The Narrow Road to the Deep North


I have three words for you to describe this year’s Booker Prize winner, Richard Flanagan’s The Narrow Road to the Deep North. They are: Harrowing. Gruelling. Devastating.

And yet read this precis, straight from the Man Booker website: “The Narrow Road to the Deep North is a love story unfolding over half a century between a doctor and his uncle’s wife.” This is THE most misleading summary of a book since someone called Anna Karenina a light hearted romp and Joan Collins a political satirist. Have they even READ this book? Perhaps it is a love story, but only when simultaneously described as a war story, torture story, psychological study of brutality, ageing, memory, nationalism, identity, good and evil, humanity… this is an insanely complex book which you’ll struggle to get your head around – if you have the courage to even try to take on the dark side of humanity explored so pitilessly throughout.

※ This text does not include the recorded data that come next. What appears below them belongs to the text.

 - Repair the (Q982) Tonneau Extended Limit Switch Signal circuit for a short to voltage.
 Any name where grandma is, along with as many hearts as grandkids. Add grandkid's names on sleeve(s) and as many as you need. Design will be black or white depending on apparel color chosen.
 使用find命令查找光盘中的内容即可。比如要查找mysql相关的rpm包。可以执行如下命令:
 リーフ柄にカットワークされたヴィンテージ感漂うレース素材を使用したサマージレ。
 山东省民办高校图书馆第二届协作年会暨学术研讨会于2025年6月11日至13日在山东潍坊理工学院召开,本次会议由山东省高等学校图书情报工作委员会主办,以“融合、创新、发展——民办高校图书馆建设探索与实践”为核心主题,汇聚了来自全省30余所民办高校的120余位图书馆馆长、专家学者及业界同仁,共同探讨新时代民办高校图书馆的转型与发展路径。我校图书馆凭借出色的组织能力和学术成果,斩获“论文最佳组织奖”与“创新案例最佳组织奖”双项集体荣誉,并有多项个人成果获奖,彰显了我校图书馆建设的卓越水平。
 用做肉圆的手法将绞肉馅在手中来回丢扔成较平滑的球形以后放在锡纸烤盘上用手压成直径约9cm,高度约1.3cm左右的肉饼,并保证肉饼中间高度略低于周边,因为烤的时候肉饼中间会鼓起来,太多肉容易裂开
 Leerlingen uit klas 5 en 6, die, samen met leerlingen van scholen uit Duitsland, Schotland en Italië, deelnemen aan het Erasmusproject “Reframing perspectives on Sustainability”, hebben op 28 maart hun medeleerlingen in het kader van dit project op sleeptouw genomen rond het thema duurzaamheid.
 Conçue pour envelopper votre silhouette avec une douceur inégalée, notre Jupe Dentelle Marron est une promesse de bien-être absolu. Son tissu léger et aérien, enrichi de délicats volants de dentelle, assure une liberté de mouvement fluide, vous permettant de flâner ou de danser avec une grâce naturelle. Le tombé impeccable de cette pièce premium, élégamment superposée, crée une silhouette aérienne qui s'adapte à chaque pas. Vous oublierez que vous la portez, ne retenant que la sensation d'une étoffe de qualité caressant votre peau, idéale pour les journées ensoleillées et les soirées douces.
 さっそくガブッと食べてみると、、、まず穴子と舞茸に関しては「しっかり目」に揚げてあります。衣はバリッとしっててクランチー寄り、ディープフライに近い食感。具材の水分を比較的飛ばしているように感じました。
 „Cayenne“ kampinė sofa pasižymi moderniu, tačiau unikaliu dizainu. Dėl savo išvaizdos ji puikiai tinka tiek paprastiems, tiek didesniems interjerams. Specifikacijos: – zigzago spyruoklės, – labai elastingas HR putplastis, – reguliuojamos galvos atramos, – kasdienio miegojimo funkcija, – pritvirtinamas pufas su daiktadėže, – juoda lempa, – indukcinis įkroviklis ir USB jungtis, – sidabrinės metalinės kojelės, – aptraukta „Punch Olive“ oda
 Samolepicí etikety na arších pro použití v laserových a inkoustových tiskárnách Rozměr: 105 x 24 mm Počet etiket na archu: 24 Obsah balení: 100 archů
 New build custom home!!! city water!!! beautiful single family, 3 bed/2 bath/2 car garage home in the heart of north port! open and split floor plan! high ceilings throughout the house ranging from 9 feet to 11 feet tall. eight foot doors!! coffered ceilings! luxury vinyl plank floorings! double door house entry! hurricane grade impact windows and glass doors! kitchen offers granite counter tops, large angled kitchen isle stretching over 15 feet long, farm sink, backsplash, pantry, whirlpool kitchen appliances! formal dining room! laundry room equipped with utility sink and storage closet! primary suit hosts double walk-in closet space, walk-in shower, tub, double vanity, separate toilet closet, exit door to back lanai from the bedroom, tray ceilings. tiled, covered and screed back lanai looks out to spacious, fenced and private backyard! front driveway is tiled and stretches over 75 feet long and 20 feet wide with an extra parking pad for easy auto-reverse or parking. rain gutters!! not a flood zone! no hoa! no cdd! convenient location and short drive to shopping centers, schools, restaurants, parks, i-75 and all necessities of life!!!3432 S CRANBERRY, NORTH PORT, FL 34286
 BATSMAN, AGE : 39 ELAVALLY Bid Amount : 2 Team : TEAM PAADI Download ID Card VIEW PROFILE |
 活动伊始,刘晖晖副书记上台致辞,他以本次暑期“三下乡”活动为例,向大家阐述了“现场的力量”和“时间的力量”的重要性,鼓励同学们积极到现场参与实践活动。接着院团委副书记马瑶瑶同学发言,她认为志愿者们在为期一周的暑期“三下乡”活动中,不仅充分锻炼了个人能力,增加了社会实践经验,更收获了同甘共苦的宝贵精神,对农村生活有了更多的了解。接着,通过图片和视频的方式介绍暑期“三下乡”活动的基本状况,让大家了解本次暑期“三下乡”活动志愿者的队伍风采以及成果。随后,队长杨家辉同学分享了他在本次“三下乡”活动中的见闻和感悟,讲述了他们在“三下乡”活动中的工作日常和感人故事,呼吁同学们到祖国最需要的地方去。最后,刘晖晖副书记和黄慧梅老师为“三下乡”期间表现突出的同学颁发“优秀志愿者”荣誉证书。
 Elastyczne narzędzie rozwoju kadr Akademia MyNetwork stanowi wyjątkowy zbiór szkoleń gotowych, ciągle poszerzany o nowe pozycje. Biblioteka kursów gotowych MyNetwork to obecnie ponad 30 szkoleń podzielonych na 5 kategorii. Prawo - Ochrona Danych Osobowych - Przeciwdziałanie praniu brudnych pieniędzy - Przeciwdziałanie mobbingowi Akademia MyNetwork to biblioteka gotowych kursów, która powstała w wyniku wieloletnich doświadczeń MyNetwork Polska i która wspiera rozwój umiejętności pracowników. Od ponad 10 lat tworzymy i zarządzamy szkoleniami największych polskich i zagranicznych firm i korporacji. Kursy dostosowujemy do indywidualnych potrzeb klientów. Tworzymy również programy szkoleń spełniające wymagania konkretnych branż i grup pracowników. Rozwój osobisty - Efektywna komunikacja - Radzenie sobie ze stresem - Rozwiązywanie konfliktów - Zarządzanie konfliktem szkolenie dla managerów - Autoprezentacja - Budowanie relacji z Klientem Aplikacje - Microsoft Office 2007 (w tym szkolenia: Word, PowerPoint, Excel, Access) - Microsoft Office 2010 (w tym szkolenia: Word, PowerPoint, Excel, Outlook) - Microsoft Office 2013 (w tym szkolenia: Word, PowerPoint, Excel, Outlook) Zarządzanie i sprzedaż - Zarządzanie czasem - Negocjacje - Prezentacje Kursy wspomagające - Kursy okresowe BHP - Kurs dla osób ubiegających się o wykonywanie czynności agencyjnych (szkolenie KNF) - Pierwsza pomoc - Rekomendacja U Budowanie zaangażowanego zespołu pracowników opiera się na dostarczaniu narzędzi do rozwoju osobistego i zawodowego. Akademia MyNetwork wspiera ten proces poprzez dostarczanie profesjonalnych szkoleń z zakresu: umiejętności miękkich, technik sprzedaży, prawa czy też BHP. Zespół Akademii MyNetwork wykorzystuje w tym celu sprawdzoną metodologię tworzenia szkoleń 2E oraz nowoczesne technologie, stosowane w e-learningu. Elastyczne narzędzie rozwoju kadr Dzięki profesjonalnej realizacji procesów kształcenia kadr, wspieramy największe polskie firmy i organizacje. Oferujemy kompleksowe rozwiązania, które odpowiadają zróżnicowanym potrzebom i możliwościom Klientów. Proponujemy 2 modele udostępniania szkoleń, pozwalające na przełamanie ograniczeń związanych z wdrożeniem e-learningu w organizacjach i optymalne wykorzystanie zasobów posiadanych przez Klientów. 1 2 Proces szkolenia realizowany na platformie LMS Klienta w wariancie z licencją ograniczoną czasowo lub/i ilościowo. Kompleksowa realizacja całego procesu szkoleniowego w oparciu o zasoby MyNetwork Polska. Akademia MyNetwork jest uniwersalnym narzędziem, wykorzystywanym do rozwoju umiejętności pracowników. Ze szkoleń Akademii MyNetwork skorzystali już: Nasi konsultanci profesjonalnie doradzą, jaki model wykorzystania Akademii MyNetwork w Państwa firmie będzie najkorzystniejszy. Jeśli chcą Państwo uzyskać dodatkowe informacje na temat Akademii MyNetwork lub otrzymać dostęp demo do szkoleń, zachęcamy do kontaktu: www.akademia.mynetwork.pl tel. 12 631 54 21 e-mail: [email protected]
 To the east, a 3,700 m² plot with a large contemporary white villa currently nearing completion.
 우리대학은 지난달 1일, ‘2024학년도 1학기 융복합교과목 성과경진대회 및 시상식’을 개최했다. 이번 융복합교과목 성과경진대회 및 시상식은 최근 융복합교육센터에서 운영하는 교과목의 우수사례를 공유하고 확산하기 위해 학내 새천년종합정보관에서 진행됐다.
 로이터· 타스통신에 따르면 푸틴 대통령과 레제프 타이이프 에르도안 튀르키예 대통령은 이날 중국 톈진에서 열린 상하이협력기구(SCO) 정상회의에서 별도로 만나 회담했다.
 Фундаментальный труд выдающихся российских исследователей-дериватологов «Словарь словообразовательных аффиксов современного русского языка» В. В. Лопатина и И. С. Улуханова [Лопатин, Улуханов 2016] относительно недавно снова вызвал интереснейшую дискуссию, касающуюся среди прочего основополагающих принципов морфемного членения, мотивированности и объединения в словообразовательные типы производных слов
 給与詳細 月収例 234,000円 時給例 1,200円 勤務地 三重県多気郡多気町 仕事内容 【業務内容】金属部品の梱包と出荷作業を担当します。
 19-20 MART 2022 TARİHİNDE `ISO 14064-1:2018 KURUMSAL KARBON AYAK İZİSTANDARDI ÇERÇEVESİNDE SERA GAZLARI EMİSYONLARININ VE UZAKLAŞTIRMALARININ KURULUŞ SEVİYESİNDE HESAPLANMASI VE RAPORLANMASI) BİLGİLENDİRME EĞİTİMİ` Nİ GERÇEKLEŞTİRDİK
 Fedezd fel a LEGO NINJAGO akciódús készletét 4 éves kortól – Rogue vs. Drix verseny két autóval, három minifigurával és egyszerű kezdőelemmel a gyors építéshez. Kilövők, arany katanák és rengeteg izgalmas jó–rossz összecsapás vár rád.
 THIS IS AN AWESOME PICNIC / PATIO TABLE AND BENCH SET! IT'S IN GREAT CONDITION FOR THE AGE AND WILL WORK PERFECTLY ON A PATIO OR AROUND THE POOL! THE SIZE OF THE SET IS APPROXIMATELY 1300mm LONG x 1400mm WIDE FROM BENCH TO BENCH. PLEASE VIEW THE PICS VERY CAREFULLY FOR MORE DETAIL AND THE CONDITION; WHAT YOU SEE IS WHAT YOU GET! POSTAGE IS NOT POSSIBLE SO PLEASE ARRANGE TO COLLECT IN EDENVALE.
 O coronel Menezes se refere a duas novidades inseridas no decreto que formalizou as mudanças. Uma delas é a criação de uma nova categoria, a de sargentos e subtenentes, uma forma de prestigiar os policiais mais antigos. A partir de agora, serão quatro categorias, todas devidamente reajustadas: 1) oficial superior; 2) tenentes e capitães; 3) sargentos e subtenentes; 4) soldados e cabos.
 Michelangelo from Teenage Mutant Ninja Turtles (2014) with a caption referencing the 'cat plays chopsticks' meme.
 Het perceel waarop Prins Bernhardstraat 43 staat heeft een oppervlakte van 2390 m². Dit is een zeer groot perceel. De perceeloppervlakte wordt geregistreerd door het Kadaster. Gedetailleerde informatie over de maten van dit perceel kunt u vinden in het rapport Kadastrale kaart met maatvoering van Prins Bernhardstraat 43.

The heart of the story is in the WW2 POW camps building the notorious death railway through Myanmar. It loosely tracks the story of Dorrigo Evans, a surgeon who becomes the leader of the starving, slowly dying band of Australian prisoners, subject to gobsmacking brutality and horrors at the hands of their Japanese captors.

Very roughly, the book can be split into thirds: a pre-war love story (with shadows of Sebastian Faulks’s Birdsong), “life” as a POW working on the railway, and the lives of the victims and captors after the war. The time in the camp itself dominates through the sheer power and horror. Flanagan does not flinch from a detailed depiction of life so awful you can scarcely bear to read on. It is shocking, shocking, shocking. One can scarcely believe human beings are capable of such cruelty and deprivation. Flanagan’s father was one of these prisoners, so you know that every care has been taken to bring this world to life in full, horrifying fidelity. For all its excellent writing, these parts of the book (they are not all in one chunk, emphasising the impact of the camps on the whole lives of those involved) are barely readable, they are so dark.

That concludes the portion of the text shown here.